Execution Risk: Multi-Model Complexity and Buyer Confusion
Salesforce’s focus on demonstrating value in its offerings – particularly with AI (note the new announcement of the Agentic Work Unit, which will be the focal point of an upcoming Futurum Analyst Insight Report) – aligns with the larger organizational goal of aligning Salesforce’s goals with those of its customers. While the company is seeing strong adoption of Agenforce, those solutions require readily accessible data, and Salesforce needs to do all it can to ensure customers continue to rely on Data 360 as their primary management platform.
Although the simplification narrative is powerful, the reality is that enterprises now face a menu of purchasing options: flex credits, profile-based SKUs, and unmetered visualization analytics, each with its own operational nuances.

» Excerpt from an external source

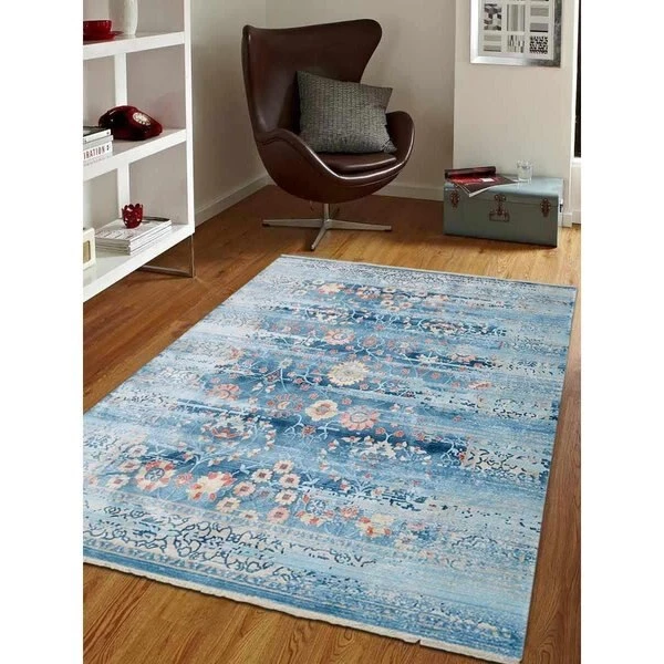 Machine Woven Crossweave Polyester Area Rug Rug up the flooring of your room in style with this blue shaded vintage rug. Its antique and traditional design will make you light hearted and it will give you a retro feel. This is a machine made rug which gives it a finesse and true colors to the imaginations of designers. You will love to lie down on its shiny and flabby Polyester stuff. Grab this astonishing piece of Rectangle rug in the perfec" dimensions of 3'11" x 5' 10". FeaturesMachine Woven by sophisticated technology enhancing detailed design and product durabilityOriental designed and weaved by machine woven cross weave technique in TurkeySoft polyester yarn with flat pile height of 0.27 inches for underfoot comfort.Designer area rugs perfect for Living Room. Bedroom. Study Room. Dinning Room. FoyerSpecificationsColor: BlueSize: 3 ft. 11 in. x 5 ft. 10 in.Construction: Machine MadeWeave & Technique: Machine Woven CrossweaveShape: RectangleMaterial: 100% PolyesterRecommended: IndoorReversible: NoFloor Heating Safe: YesNon-Slip Backing: NoCountry of Origin: TurkeyWeight: 11.18 lbs

This could create a new form of complexity, especially for organizations with overlapping use cases (e.g., data science, marketing, and service teams all leveraging Data 360 differently).
Salesforce’s new calculator and digital wallet features are a step forward, but success will depend on Salesforce’s ability to deliver not just transparency, but actionable guidance and ongoing support for hybrid pricing models.
Competitive Dynamics: Preempting Adobe, Microsoft, and the Rise of Composable CDPs
Salesforce’s overhaul is as much a defensive play as an offensive one. Adobe has pushed hard on composable CDP architectures, while Microsoft is bundling data and analytics services more tightly with Azure Synapse and Fabric. By un-metering Tableau analytics and consolidating credits, Salesforce is trying to lock in customers at the analytics layer, where switching costs and data gravity are highest.
Zero-copy partnerships with Snowflake and Databricks further cement Data 360’s role as the activation layer for enterprise data. However, the window to establish Data 360 as the default is closing: vendors like Twilio Segment and emerging AI-native CDPs are aggressively targeting greenfield and mid-market buyers with simpler, usage-based models. The question is whether Salesforce’s hybrid approach can balance flexibility and simplicity, or risk being outflanked by nimbler, more focused competitors.
What to Watch:
- Adoption rates of profile-based SKUs among enterprise marketing and CX teams over the next two quarters
- Customer sentiment and NPS around the new flex credit and digital wallet features by Q3 2026
- Competitive moves from Adobe and Microsoft—will they follow with similar unmetered or hybrid pricing for analytics and CDP workloads?
- Emergence of third-party tools or consulting practices to help enterprises optimize across hybrid pricing models—signal of ecosystem complexity or opportunity
Disclosure: Futurum is a research and advisory firm that engages or has engaged in research, analysis, and advisory services with many technology companies, including those mentioned in this article. The author does not hold any equity positions with any company mentioned in this article.
Analysis and opinions expressed herein are specific to the analyst individually and data and other information that might have been provided for validation, not those of Futurum as a whole.